▸ Directions:
Write out every entry exactly as it appears, omitting the pictures.

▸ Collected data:
=-=-=-=-=
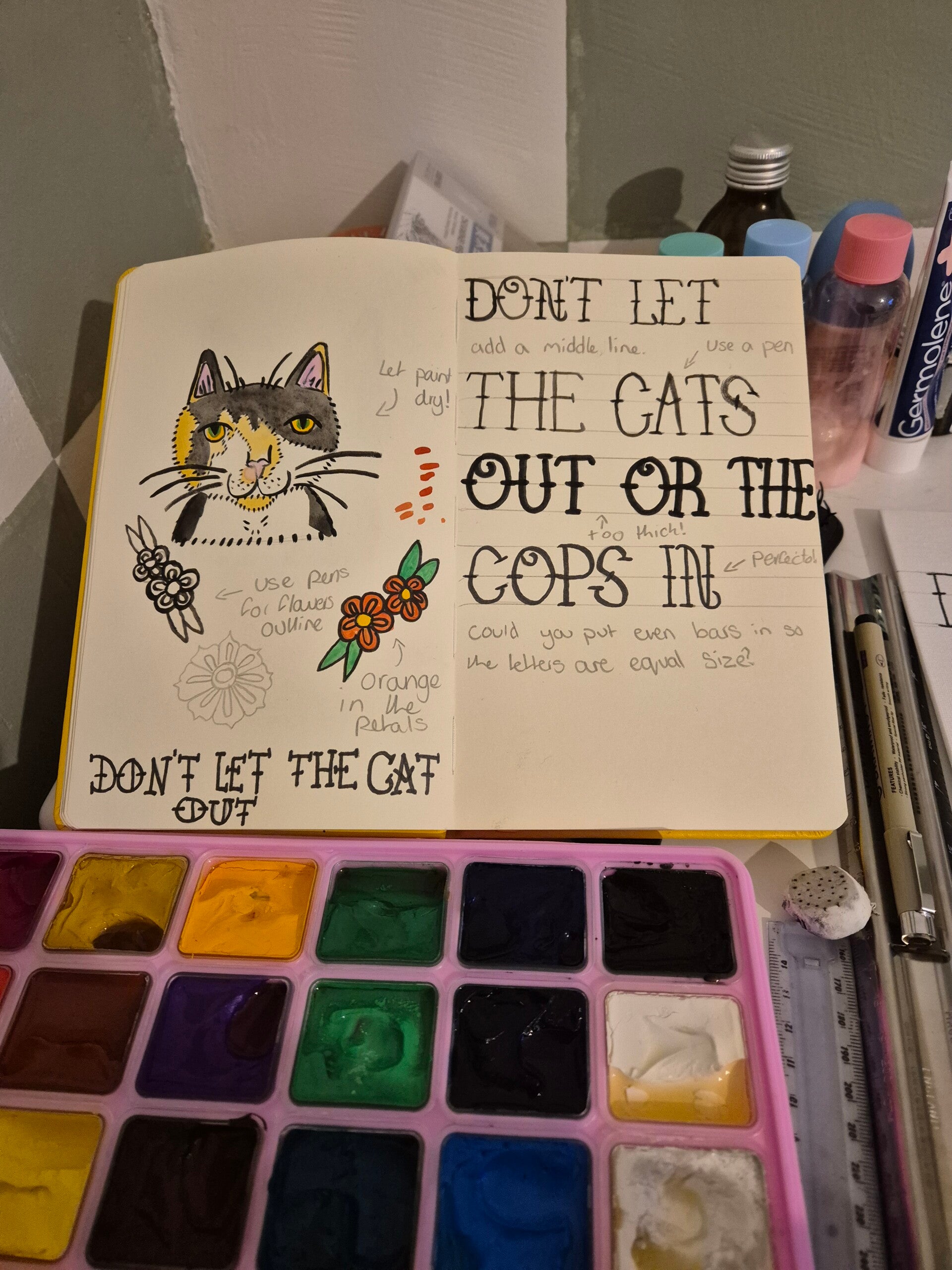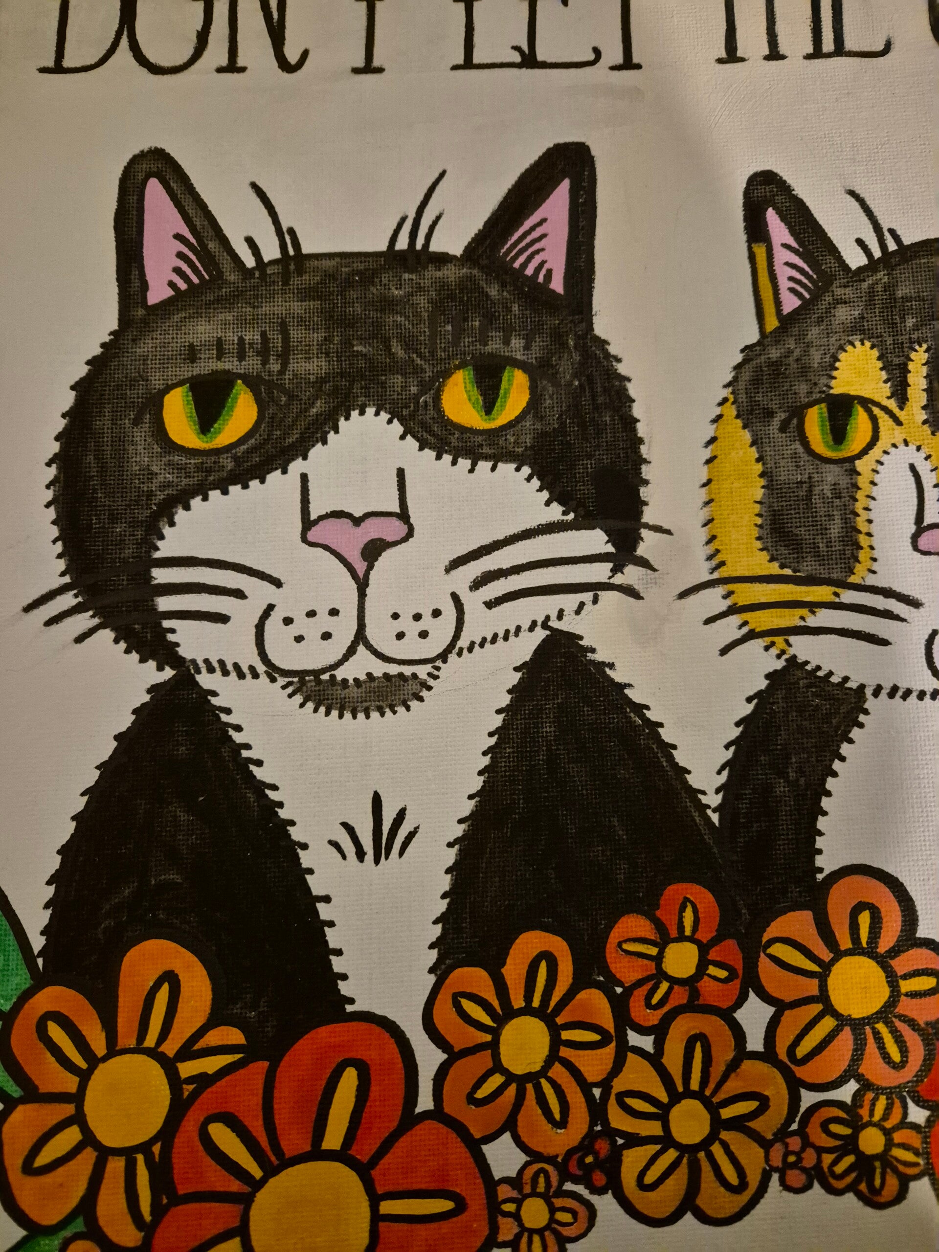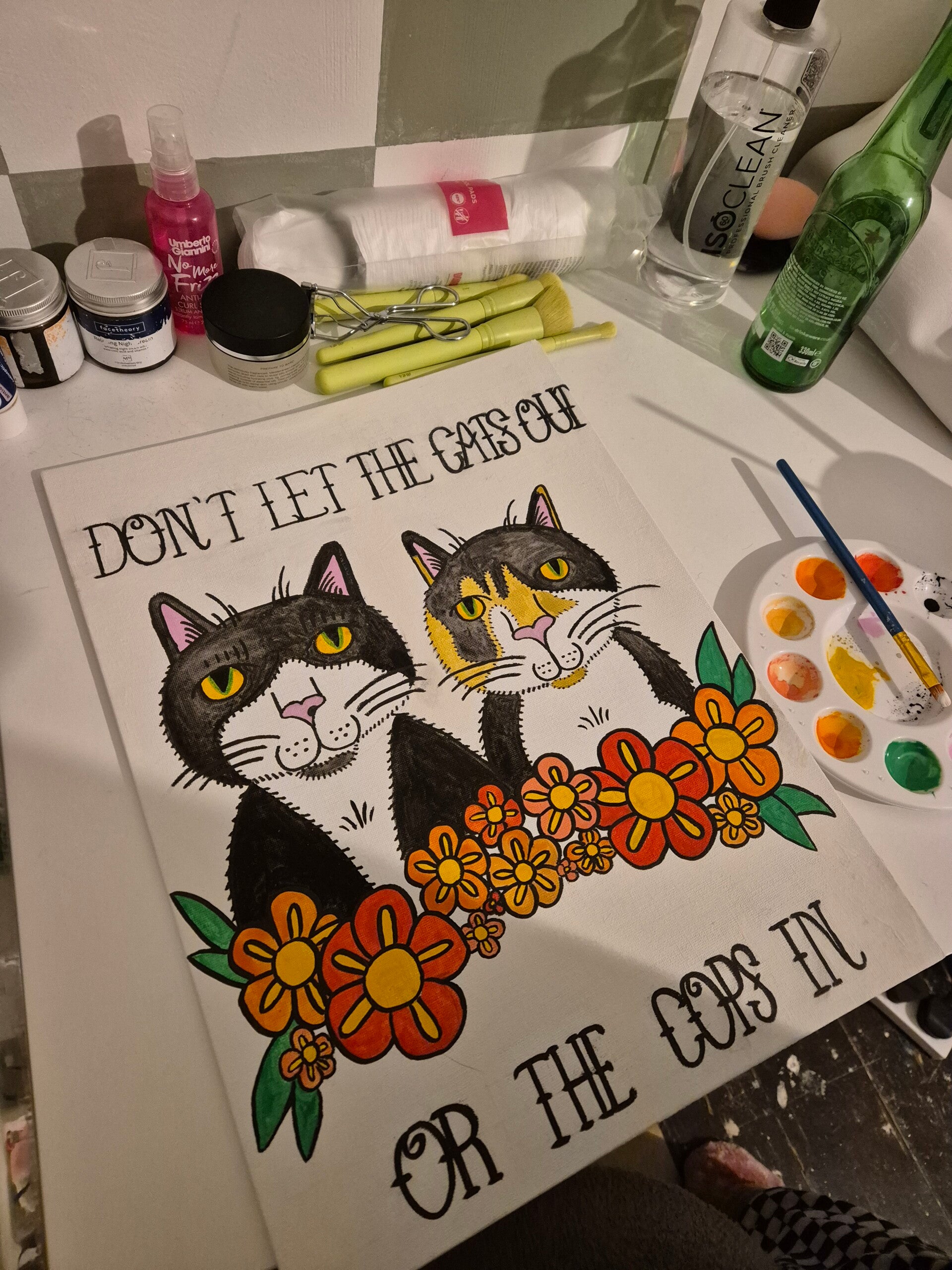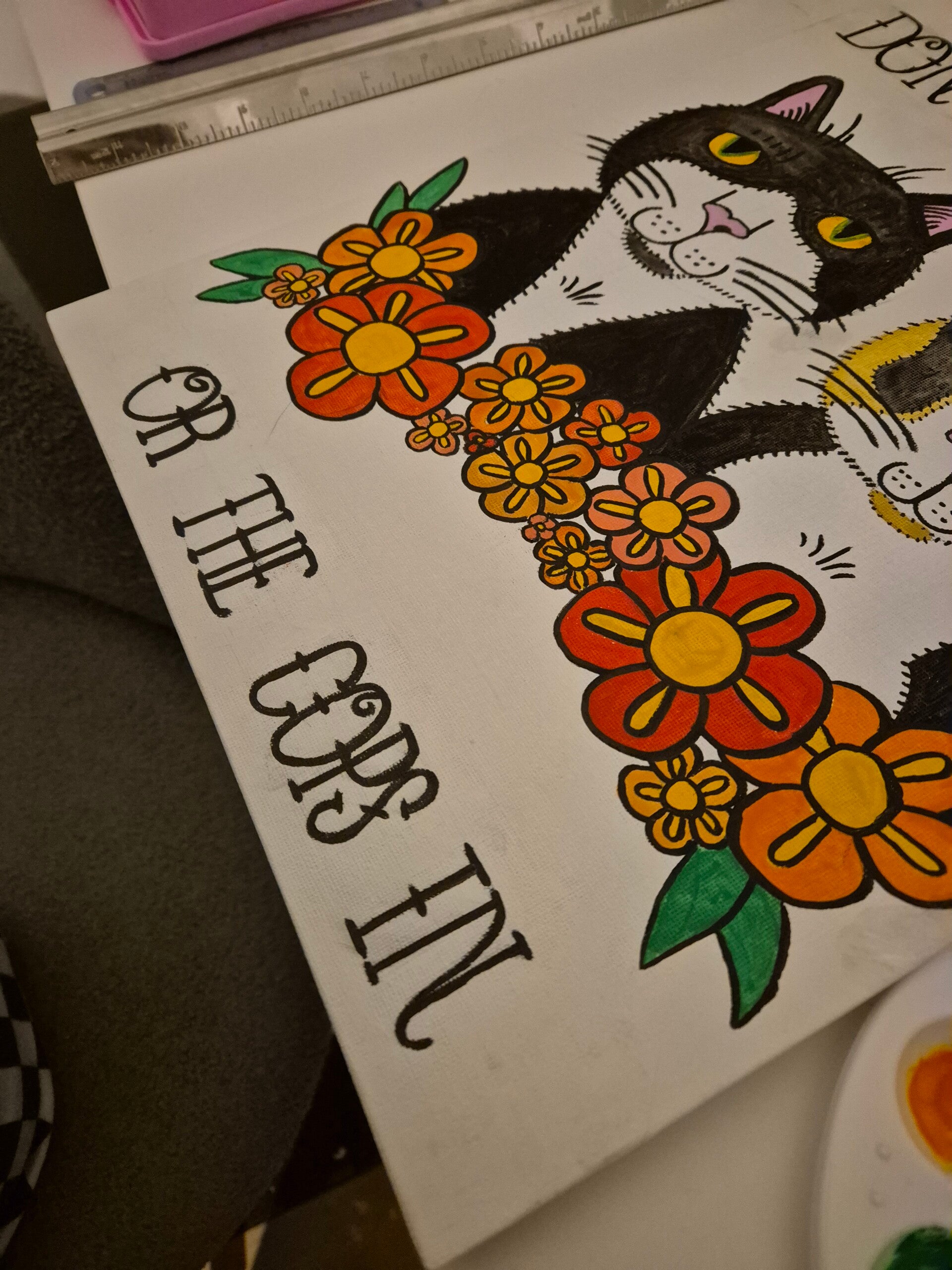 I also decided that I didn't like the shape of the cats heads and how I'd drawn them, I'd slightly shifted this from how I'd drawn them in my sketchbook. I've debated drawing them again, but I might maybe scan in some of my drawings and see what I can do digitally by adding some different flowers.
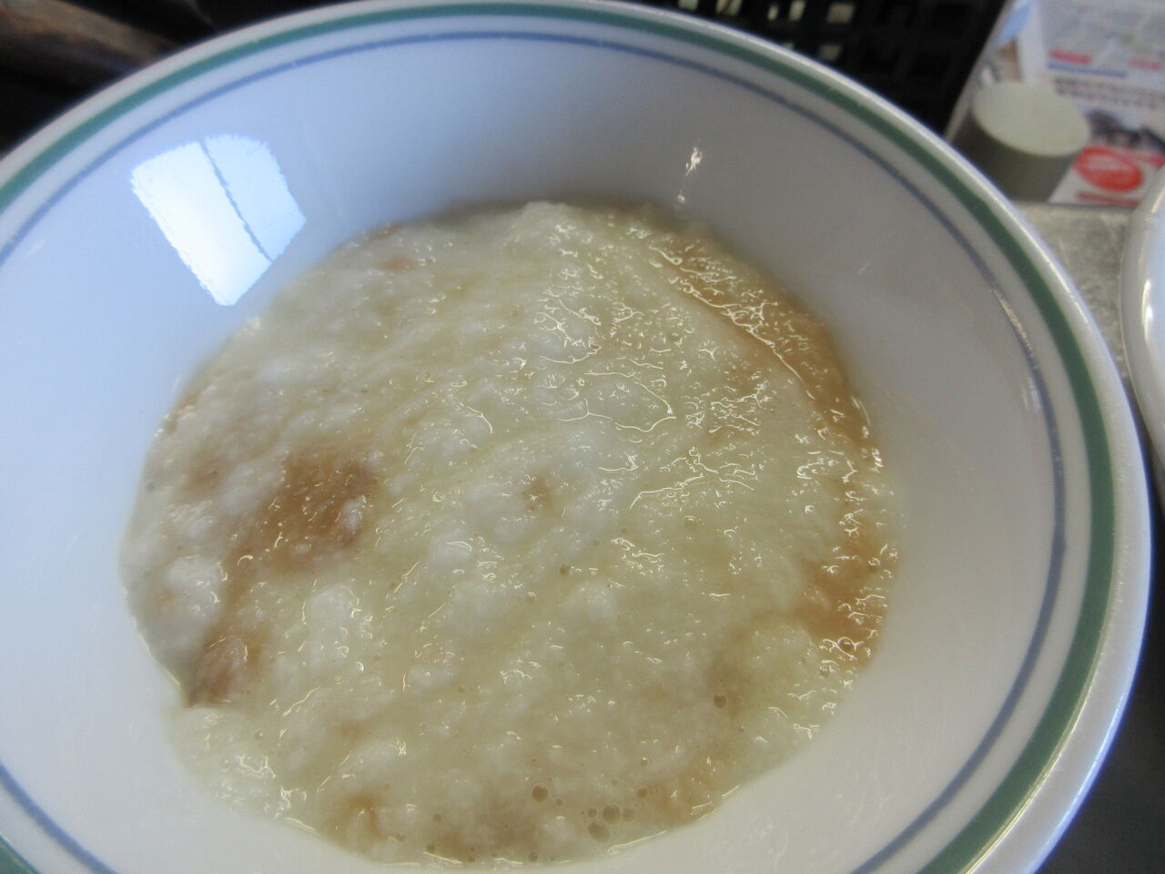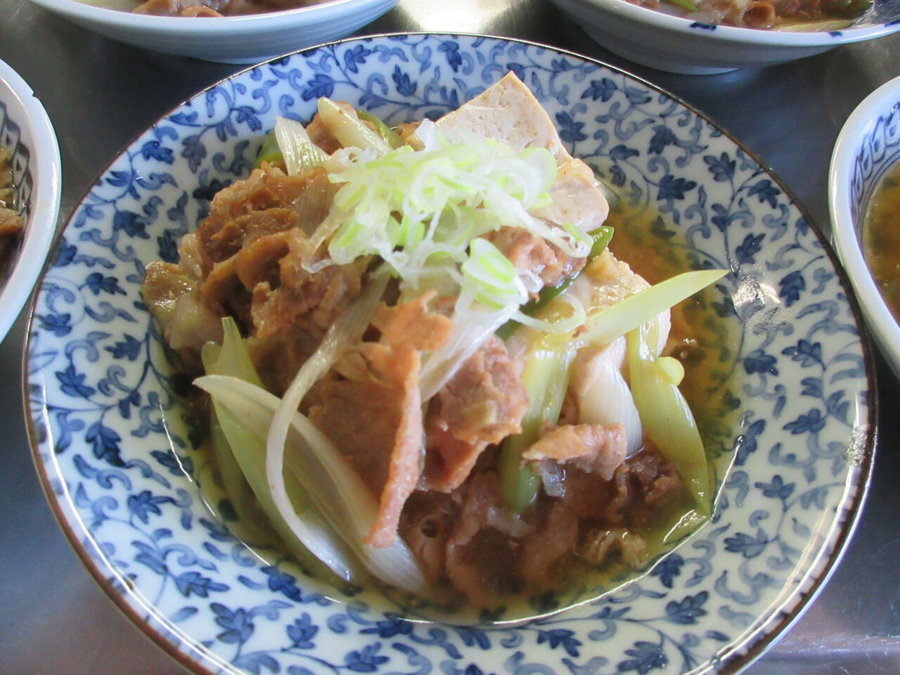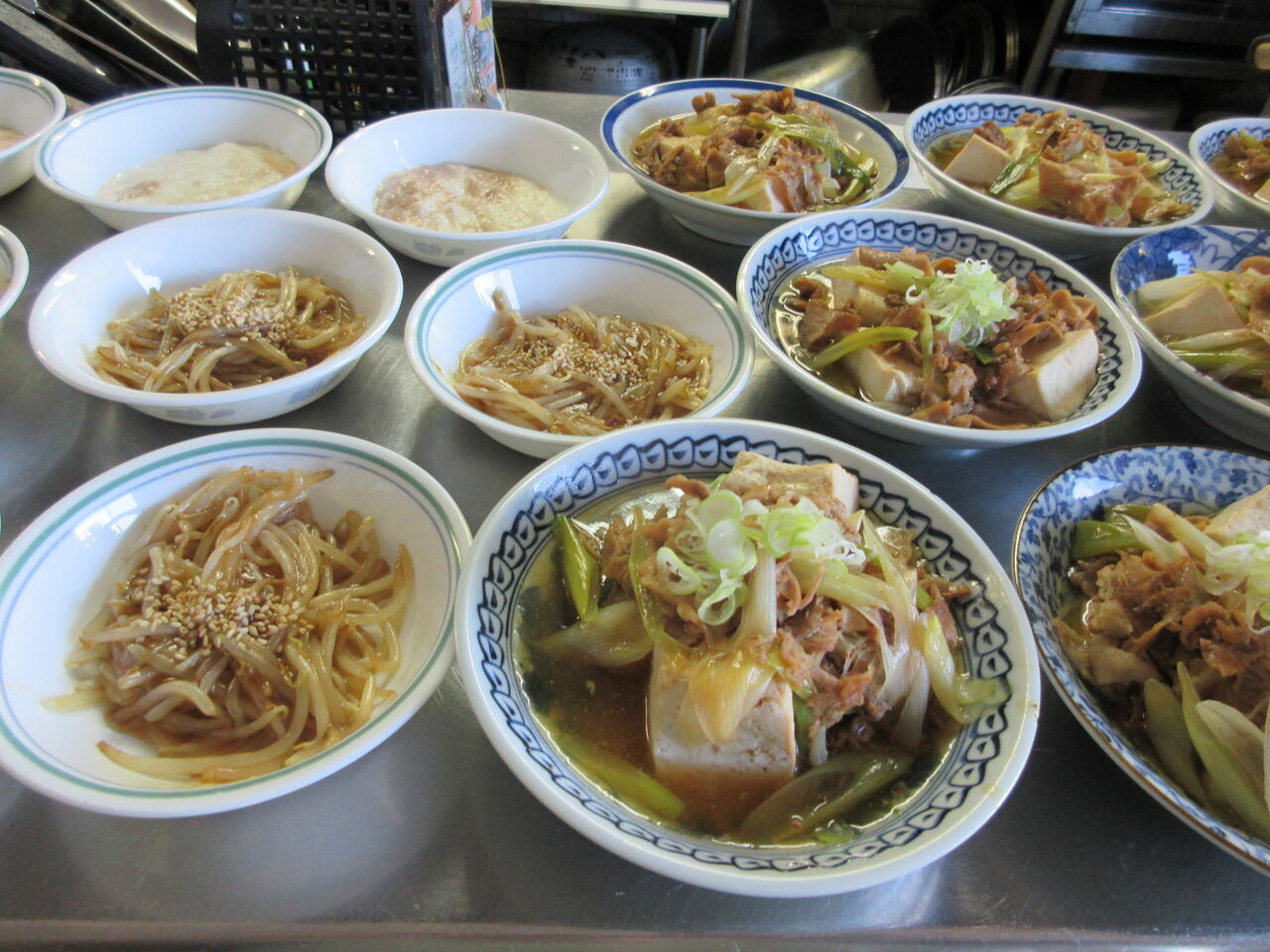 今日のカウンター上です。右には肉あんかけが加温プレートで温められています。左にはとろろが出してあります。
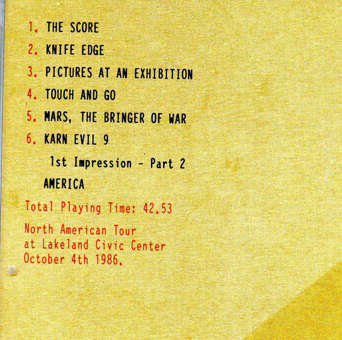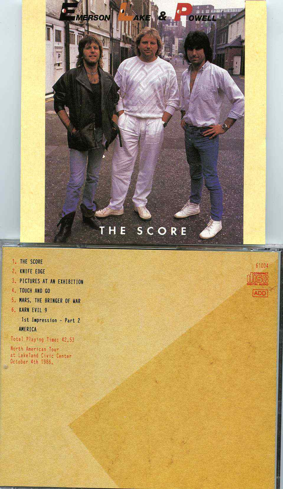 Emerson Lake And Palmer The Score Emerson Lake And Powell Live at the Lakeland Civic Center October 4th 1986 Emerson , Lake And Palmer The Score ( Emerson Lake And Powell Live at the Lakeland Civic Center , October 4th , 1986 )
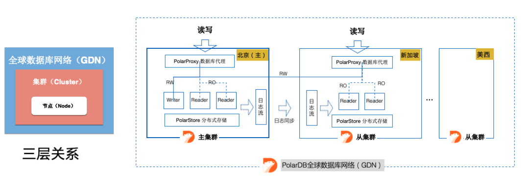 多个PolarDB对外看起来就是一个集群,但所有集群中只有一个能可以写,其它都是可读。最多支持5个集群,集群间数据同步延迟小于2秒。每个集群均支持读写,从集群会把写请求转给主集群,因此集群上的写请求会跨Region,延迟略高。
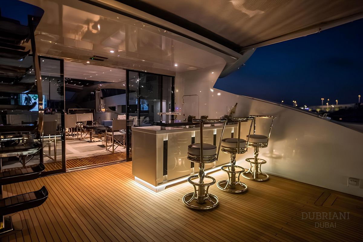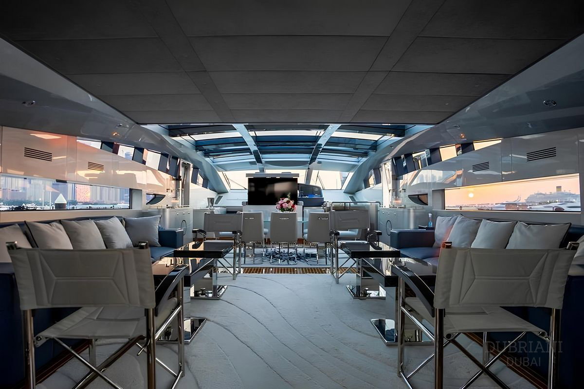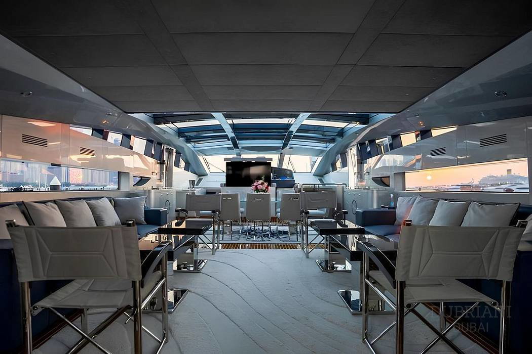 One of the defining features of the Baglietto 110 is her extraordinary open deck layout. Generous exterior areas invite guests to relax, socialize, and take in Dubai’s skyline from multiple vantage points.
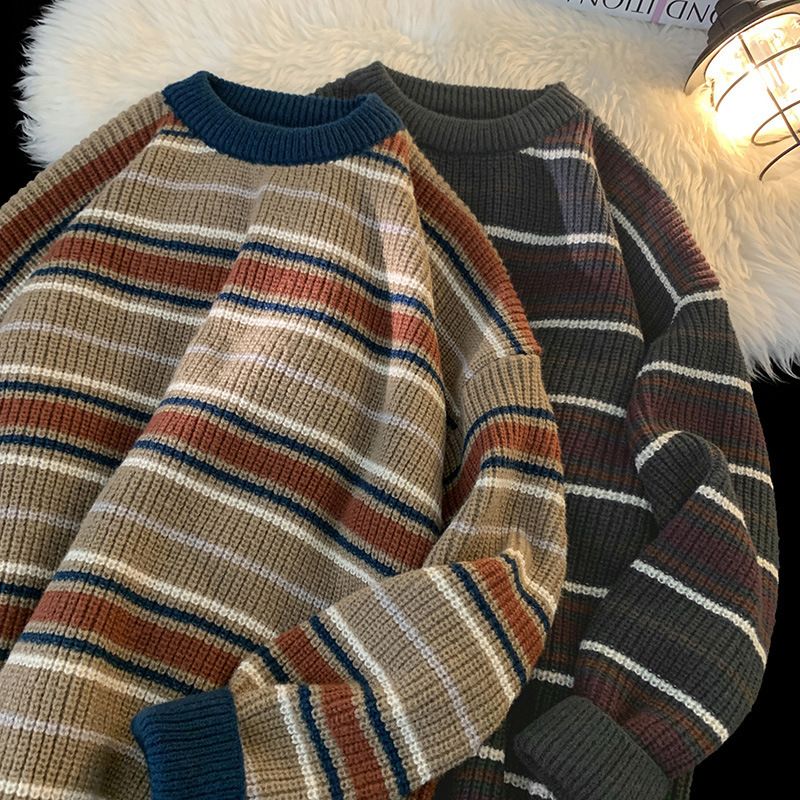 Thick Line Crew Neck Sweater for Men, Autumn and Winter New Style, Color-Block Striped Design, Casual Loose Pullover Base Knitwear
=-=-=-=-=
▸ Task solution:
 I also decided that I didn't like the shape of the cats heads and how I'd drawn them, I'd slightly shifted this from how I'd drawn them in my sketchbook. I've debated drawing them again, but I might maybe scan in some of my drawings and see what I can do digitally by adding some different flowers.
 今日のカウンター上です。右には肉あんかけが加温プレートで温められています。左にはとろろが出してあります。
 Emerson Lake And Palmer The Score Emerson Lake And Powell Live at the Lakeland Civic Center October 4th 1986 Emerson , Lake And Palmer The Score ( Emerson Lake And Powell Live at the Lakeland Civic Center , October 4th , 1986 )
 多个PolarDB对外看起来就是一个集群,但所有集群中只有一个能可以写,其它都是可读。最多支持5个集群,集群间数据同步延迟小于2秒。每个集群均支持读写,从集群会把写请求转给主集群,因此集群上的写请求会跨Region,延迟略高。
 One of the defining features of the Baglietto 110 is her extraordinary open deck layout. Generous exterior areas invite guests to relax, socialize, and take in Dubai’s skyline from multiple vantage points.
 Thick Line Crew Neck Sweater for Men, Autumn and Winter New Style, Color-Block Striped Design, Casual Loose Pullover Base Knitwear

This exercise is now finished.